Nearly four in 10 American men have experimented with their looks during the pandemic

·3-min read

Bald is beautiful: Over half of men have shaved their hair off completely after receiving the worst haircut of their lives during the pandemic, according to new research.

The survey of 2,000 American men found 45% of them have experienced a bad haircut in the last year, and 57% of them hated it so much, they took drastic measures by buzzing it all off.

Forty-two percent of respondents took advantage of their time off during quarantine by experimenting with their looks, which included trying different hairstyles (61%), new clothing styles (52%) and growing out their beards (40%).

Four out of five (82%) deemed their experiments successful and said they'll keep their new makeover post-pandemic.

Commissioned by GAINSWave and conducted by OnePoll, the study also revealed two in three men had moments in their lives that made them feel insecure about themselves.

Some insecurities that men have endured are weight gain (46%), quality of life (41%) and sexual performance (37%). Others said they felt insecure in areas such as hygiene, sexual and gender identity, and social anxiety.

In the bedroom, over a third (35%) of men struggle to get turned on, and 37% struggle to admit they're having sexual performance issues.
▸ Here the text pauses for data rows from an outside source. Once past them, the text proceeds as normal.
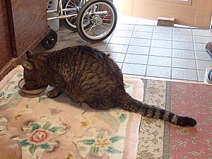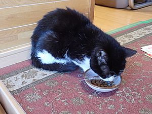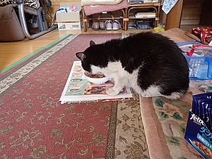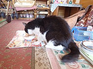 マルハチ君が室内で先に食べる。最近食べる量が少ない。
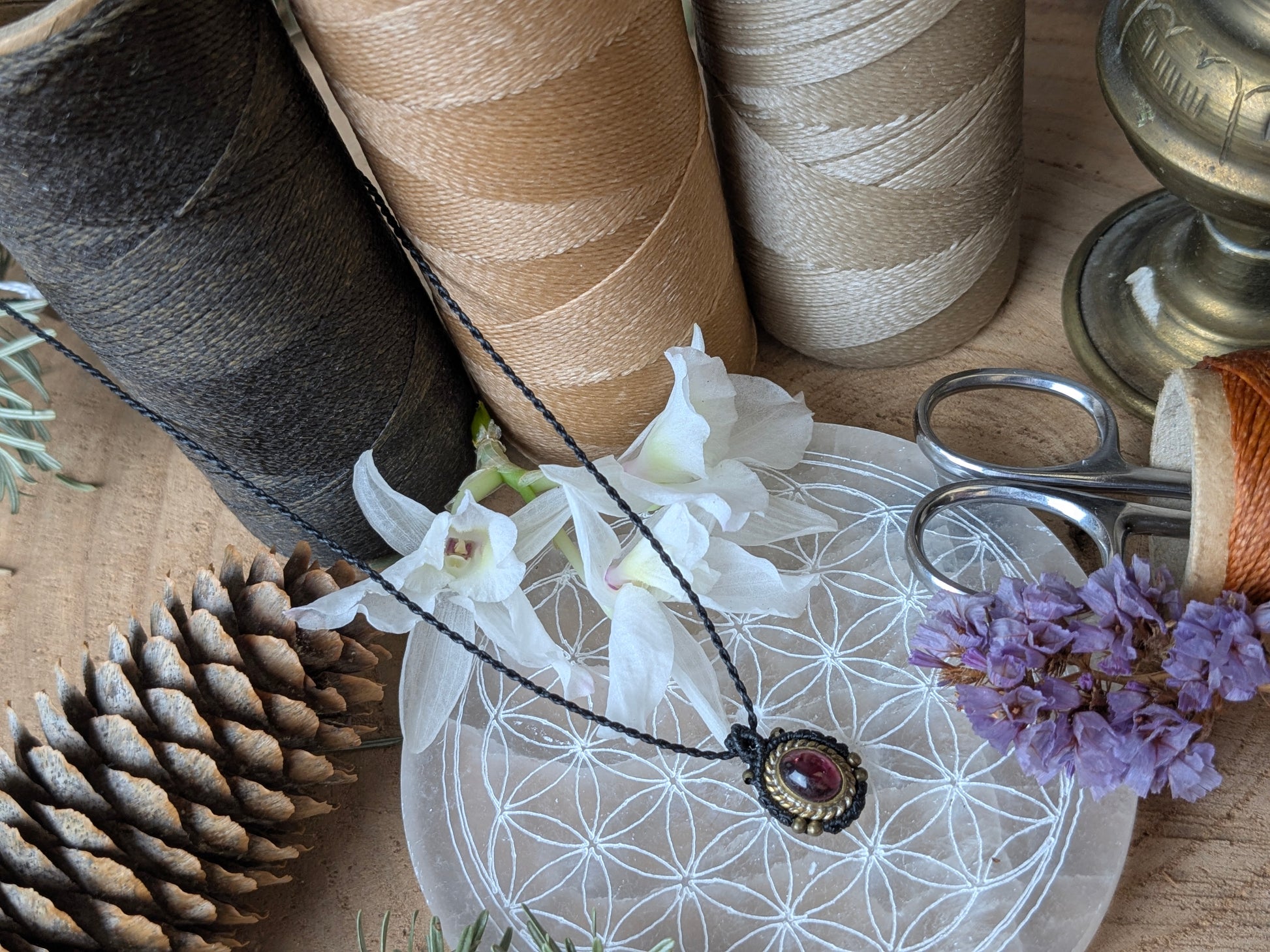 Ce collier est tissé autour d'un Grenat sertie de laiton ouvragé.
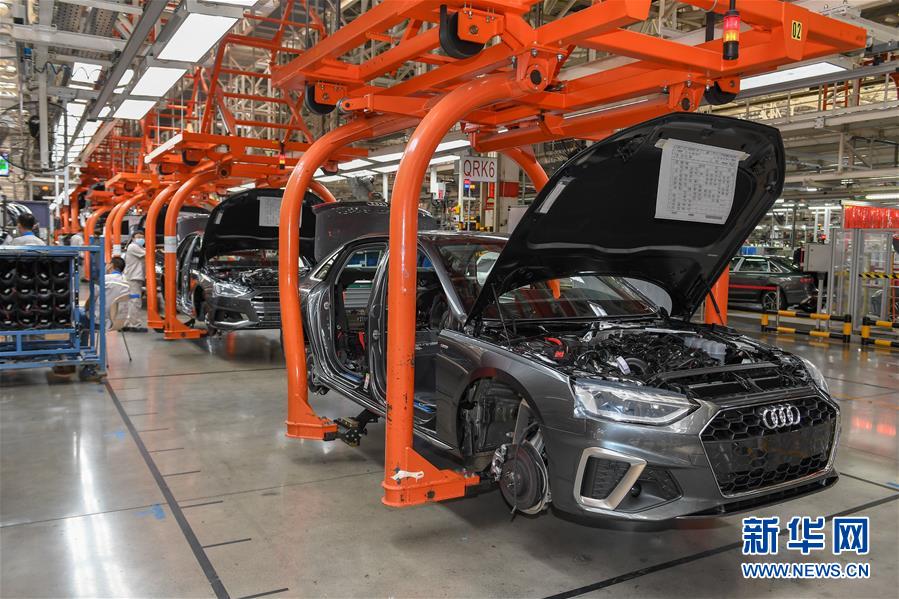在一汽-大众长春基地总装车间,车辆在流水线上等待装配(6月19日摄)。中国第一汽车集团披露,截至6月30日,集团上半年共计生产整车162.23万辆,同比增长1.5%;销售整车163.09万辆,同比增长2.3%。新华社记者张楠摄
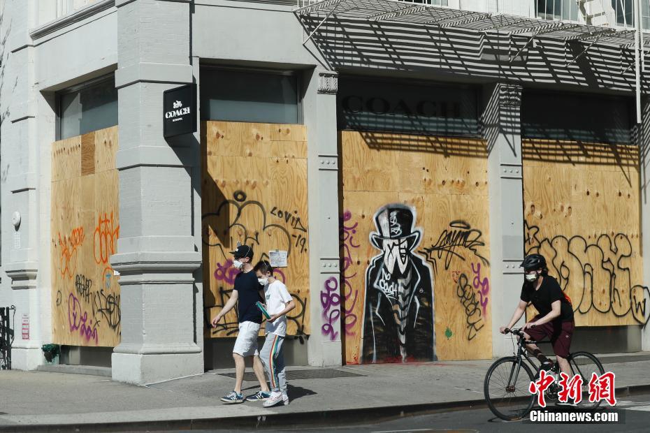 当地时间5月3日,纽约SOHO商业区许多商店仍然用木板封闭着店铺,随着纽约疫情的好转,该商区街头逐渐有稀疏的行人。中新社记者 廖攀 摄
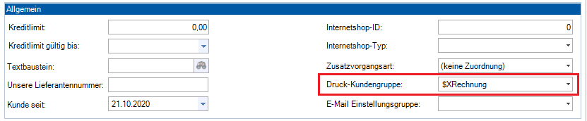 - Im Abschnitt „Allgemein“ befindet sich die Auswahlmöglichkeit für die Druck-Kundengruppe.
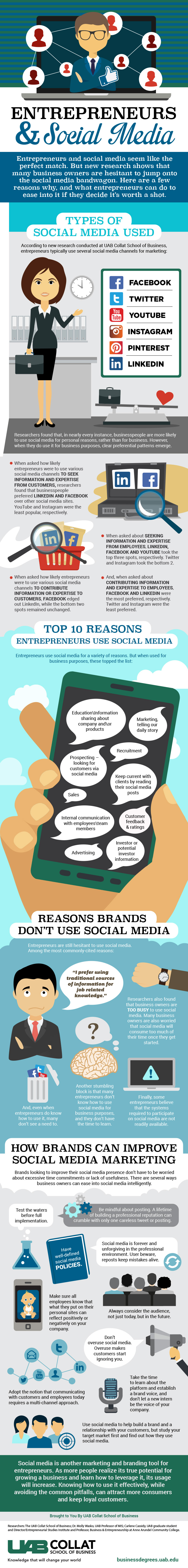 According to research by Dr. Molly Wasko and Carlene Cassidy of The UAB Collat School of Business, many business owners are hesitant to jump onto the social media bandwagon. As you work toward your online business degree, you’ll come to understand the overall importance of social networks to business success. Our latest infographic sheds light on why entrepreneurs hesitate and how they can overcome their fears by easing into Facebook, Twitter and other social worlds:
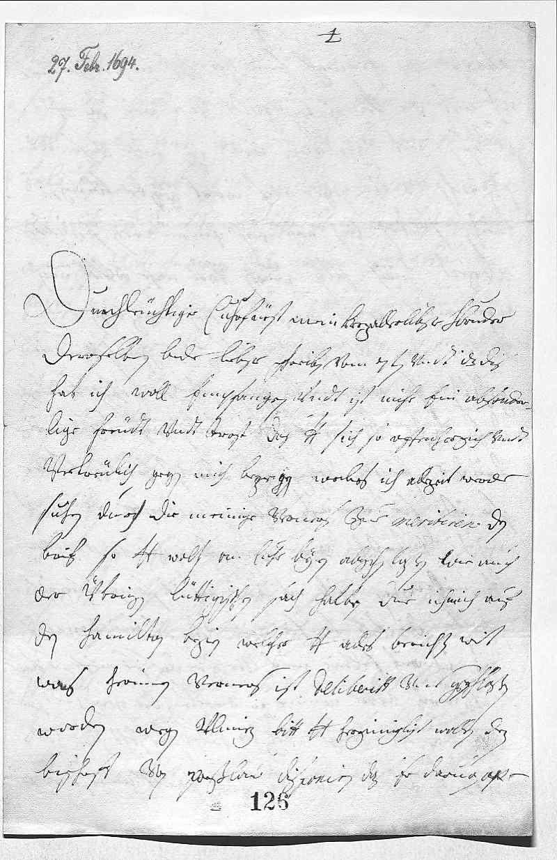 0050ein große genad vndt billich gedahn, die dochter bey 0051dero fraw gemahlin anzuenemmen. Das medel ist aber noch 0052klein, kleber vndt der elteren ihr augapfel, wirt 0053sie hart ankommen, sie so weit von sich zue laßen. 0054Ich vermeinte vnmasgeblich, es were beßer, wan 0055man kundt machen, das die sachen zue Neüburg in 0056der bedienung widerumb in vohrigen standt kemen. 0057Vndt glaubte auch, man soll dem gutten Pater Bodler 0058in keiner materi, die ihr Durchlaucht nit gahr angenem, 0059nit vill comission geben, sonst möcht er auch 0060cassirt werden, vndt das wehre das allerschlimste, das 0061geschen kunte, den müeßen mihr suchen wider in gnaden 0062zue bringen, wans möglich sein wirt, so wirt das 0063das einzige mittel sein, dem Bischoff das contrapeso 0064zue halten. Mit disem, mein ich, solten sich dero Liebden nit zue 0065verstehen geben, wurd nuhr mißvergnüegung vnd 0066doch kein endrung veruhrsachen. L' e cossi fatto, dort 0067mus man sehn, auf andre weis zue helfen, colle cattiue 0068richten mihr niks. Ich schlies vnd sterb 0069dero Liebden getrewste schwester 0070Eleonora 0071Wien den 27ten jener 16940072Bitt mein entschuldigung an mein fraw schwegrin zu sagen, mit nechsten 0073werde ersezen, heüt ists vnmüglich. 0074Weil dis ein original, so schik es wider zuruckh.
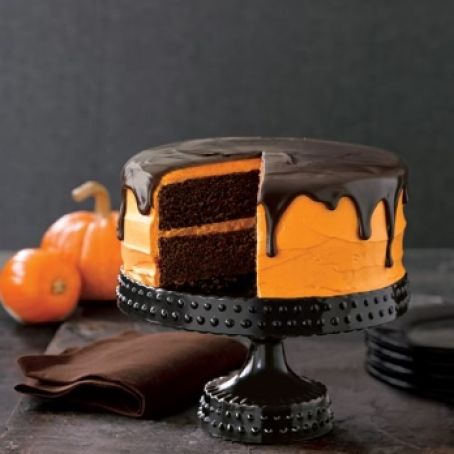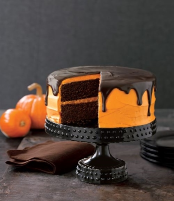 Step 1: Frost Beat 6 ounces softened cream cheese using a mixer set on medium-high speed until fluffy. Add 1 1/2 cups confectioners' sugar, 2 1/4 teaspoons cocoa, 1/4 teaspoon cinnamon, and 3/4 teaspoon vanilla and beat on low speed until well combined. In a separate bowl, beat 1 1/2 cups heavy cream with 3/4 cup confectioners' sugar and a scant 1/4 teaspoon orange food coloring on medium-high to soft peaks. Gently fold the whipped cream into the cream cheese mixture until well combined. Spread 1 cup frosting between the two layers and use the remaining frosting to ice the top and sides of the cake. Chill 30 minutes and proceed to step 2. Makes 3 cups.
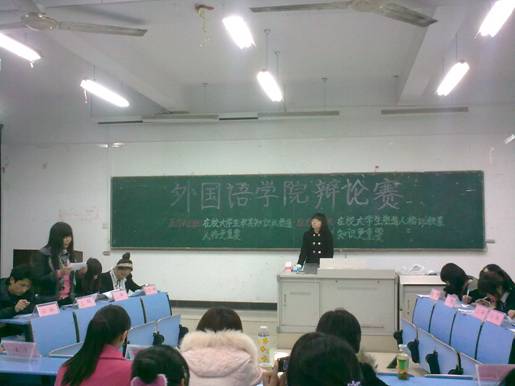 4月7日晚,76net必赢线路检测中心2011“激扬青春,辩我风采”大学生主题辩论赛决赛在教北403顺利开展。学院相关老师作为嘉宾评委观看了比赛并给与较高评价。最后进入决赛的两支参赛队伍,以其全新独特的视角,详尽细致的准备,你来我往,在论证本方辩题的同时,也展现出了作为一名当代大学生所具有的靓丽风采,最终2010级2班代表队以其精彩的表现夺得了本次比赛的冠军。
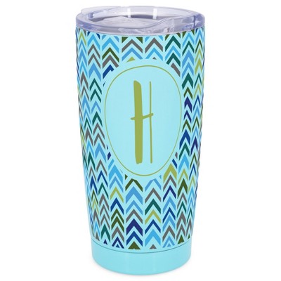 Elanze Designs H Monogram Herringbone Arrows Wrap-Around Design 20 Ounce Stainless Steel On-The-Go Coffee Mug, Thermal Travel Tumbler with Leak
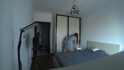 카메라에 그녀의 작은 젖탱이와 팽팽한 엉덩이를 보여주는 십대 귀염둥이
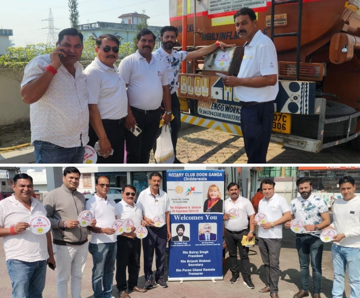 रायवाला ( राव शहजाद ) । रोटरी क्लब दून गंगा छिद्रवाला ने सड़क सुरक्षा के तहत लोगो को जागरूक किया है। सोमवार को छिद्रवाला चौक पर अभियान चलाकर क्लब सदस्यों ने आमजन को सड़क सुरक्षा के लिए लोगों को जानकारी दी है । इस अवसर पर सदस्यों ने सड़क सुरक्षा के तहत लोगो की गाड़ियों पर रेडियम स्टीकर भी लगाए गए।इसके अलावा क्लब द्वारा एक विकलांग व्यक्ति को व्हील चेयर भी दी गई। इन कार्यक्रम में रोटरी क्लब के काफी रोटेरियन उपस्थित थे व्हील चेयर रोटेरियन गौरव और मोहन सिंह रावत द्वारा की गई । क्लब अध्यक्ष बलराज सिंह एवं सचिव बृजेश बिश्नोई ने बताया की क्लब द्वारा समय समय पर समाज के हित के लिए कार्य किए जाते है । जो कि आगे भी जारी रहेंगे ।
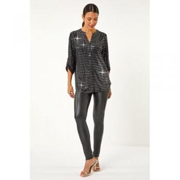 Sponsorisé Roman Dotted Foil Print Stretch Blouse42 Métallique
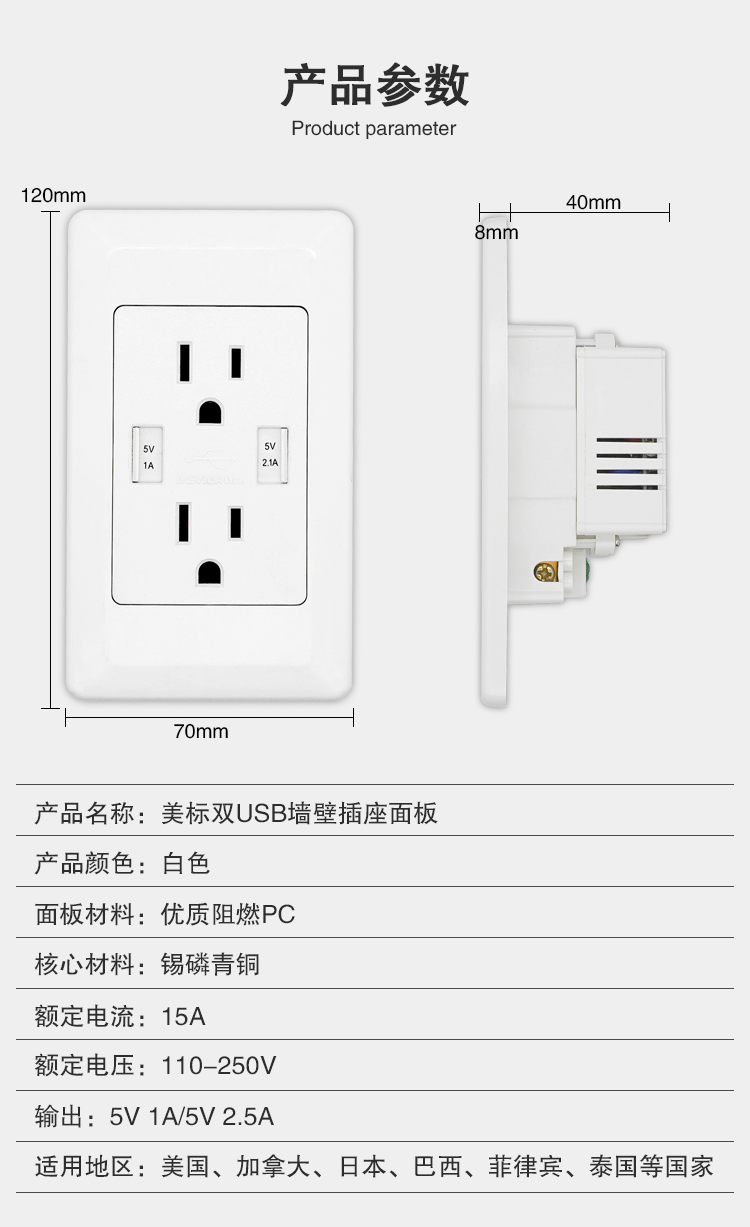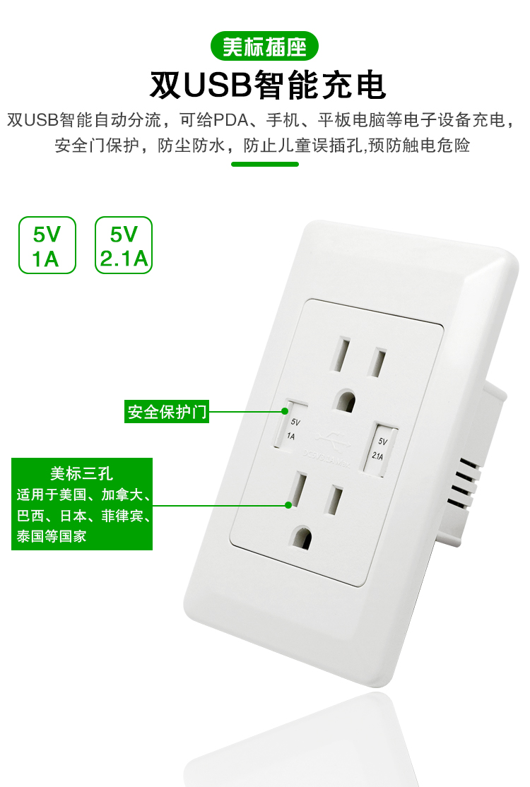 118-type American six-hole with dual USB socket 15A US regulation 110 Taiwan American mobile phone charging plug 2 1A US
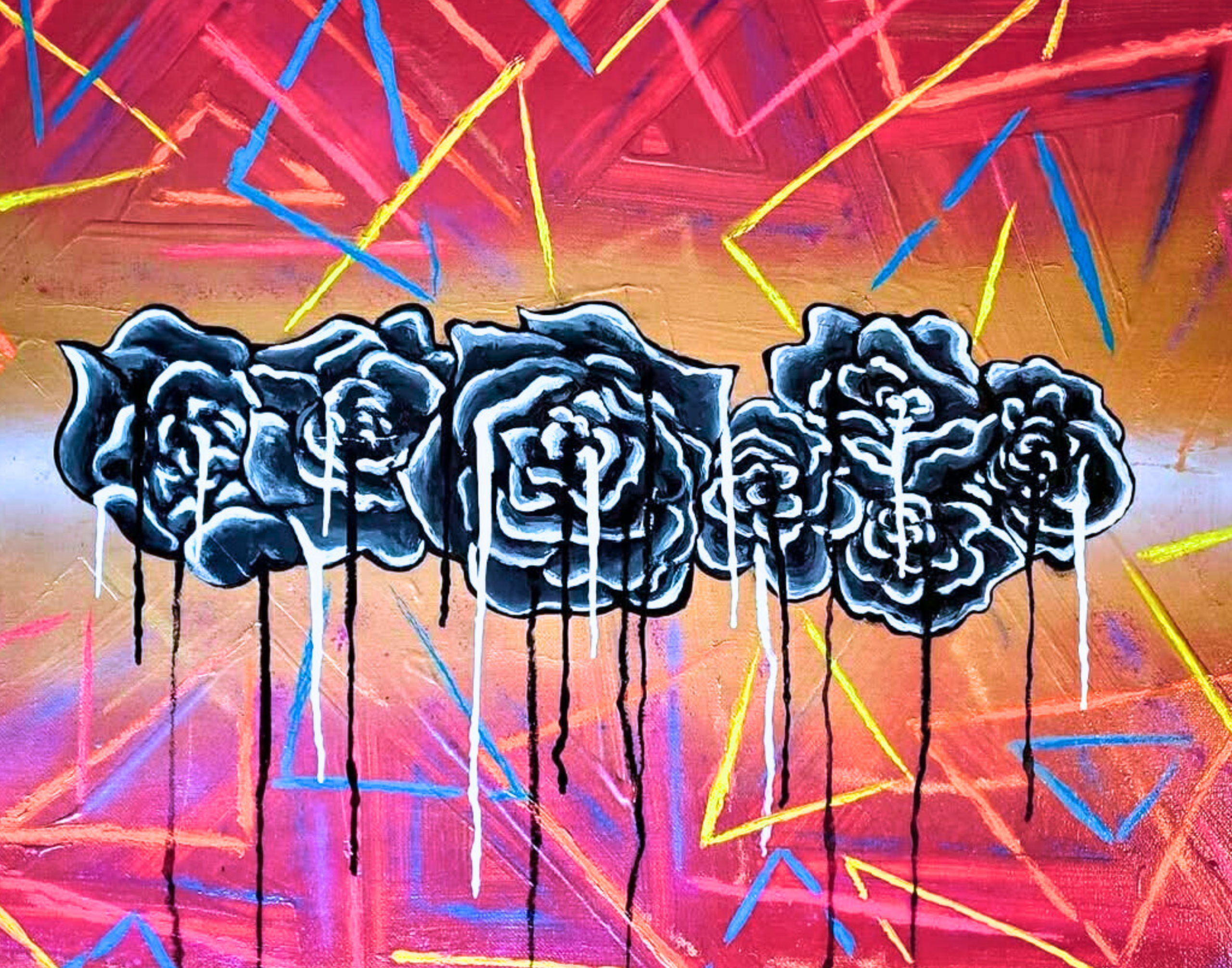 This piece juxtaposes a row of monochromatic roses against energetic abstract layers of saturated color and angular mark-making, introducing a sense of tension between control and release, softness and intensity. Continuing the recurring use of rose imagery as a personal and symbolic motif, the work explores themes of emotional contrast, memory, and resilience through the interaction of bold color, graphic form, and gestural surface.

Close to half (48%) said not being able to satisfy their partner in bed makes them feel depressed, and for 32%, the pandemic has made their libido to be worse than ever.

Even though 35% said bad sex took a toll on their relationships, only 38% of men have actually spoken with their partners about their sexual insecurities.

Aside from feeling low during sex, four in 10 revealed they compensated for their insecurities on a regular basis since 53% said their self-confidence has been at an all-time low during lockdown.

Men recalled doing anything to feel more secure — from applying homemade acne remedies that failed, to buying new and expensive cars.

"Men suffer from all kinds of insecurities, with erectile dysfunction being one of them. Taking supplements or PDE-5 inhibitors (pills) are the most common go-to short-term solutions for men experiencing erectile dysfunction. However, there is a critical third element that is often overlooked: the pipes," said urologist Dr. Judson Brandeis of GAINSWave. "Men need to pay attention to the underlying causes of ED and how to remedy them, which is overall increasing the flow of blood to the penis. Extracorporeal shockwave therapy is the better, long-term solution because it focuses on not only cleaning out the pipes, but creating new blood vessels to deliver more blood."

More than half (53%) of men said they want to overcome and embrace their insecurities, but don't know where to start. Fifty-four percent have already started their journey.

Overall, 43% of men have taken the past year to reset themselves, and many have changed their diets (56%), improved their mental health (53%), and physical appearance (52%).

"In the past year, we've seen men with a lot of time to themselves. Some may have gotten into better shape, some may have started new jobs, but among these acts, we've seen a lot of men start to embrace their insecurities and grow from them," said Urologist, Dr. Bruce B. Sloane. "Facing ED head-on is just one way to grow out of insecurities. Every man needs to learn it's okay to accept outside help. That's exactly what we exist to do."